**Material provided**
——
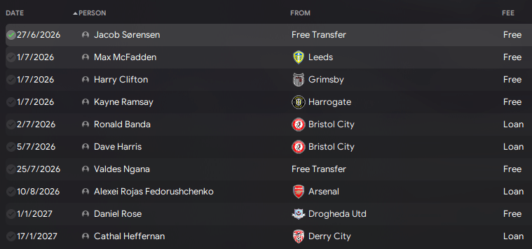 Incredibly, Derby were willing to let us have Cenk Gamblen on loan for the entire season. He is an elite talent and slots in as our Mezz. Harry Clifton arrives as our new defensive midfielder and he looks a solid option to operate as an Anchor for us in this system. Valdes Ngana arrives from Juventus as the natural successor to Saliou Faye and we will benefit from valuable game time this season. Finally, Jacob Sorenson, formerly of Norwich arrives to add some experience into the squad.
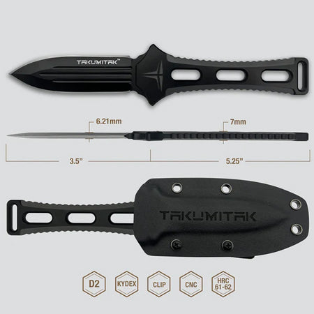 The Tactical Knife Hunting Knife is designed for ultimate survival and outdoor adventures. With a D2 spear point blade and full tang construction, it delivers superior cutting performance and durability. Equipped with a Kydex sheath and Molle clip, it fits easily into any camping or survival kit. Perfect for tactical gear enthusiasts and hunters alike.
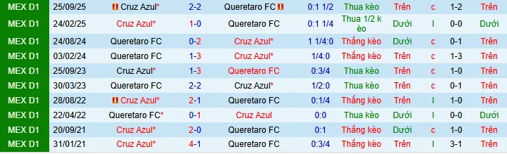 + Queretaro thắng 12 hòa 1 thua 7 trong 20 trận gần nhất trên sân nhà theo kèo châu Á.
——
**Prompt**
Set down the material word for word, and drop every picture from it.

**Solution to this exercise**
 Incredibly, Derby were willing to let us have Cenk Gamblen on loan for the entire season. He is an elite talent and slots in as our Mezz. Harry Clifton arrives as our new defensive midfielder and he looks a solid option to operate as an Anchor for us in this system. Valdes Ngana arrives from Juventus as the natural successor to Saliou Faye and we will benefit from valuable game time this season. Finally, Jacob Sorenson, formerly of Norwich arrives to add some experience into the squad.
 The Tactical Knife Hunting Knife is designed for ultimate survival and outdoor adventures. With a D2 spear point blade and full tang construction, it delivers superior cutting performance and durability. Equipped with a Kydex sheath and Molle clip, it fits easily into any camping or survival kit. Perfect for tactical gear enthusiasts and hunters alike.
 + Queretaro thắng 12 hòa 1 thua 7 trong 20 trận gần nhất trên sân nhà theo kèo châu Á.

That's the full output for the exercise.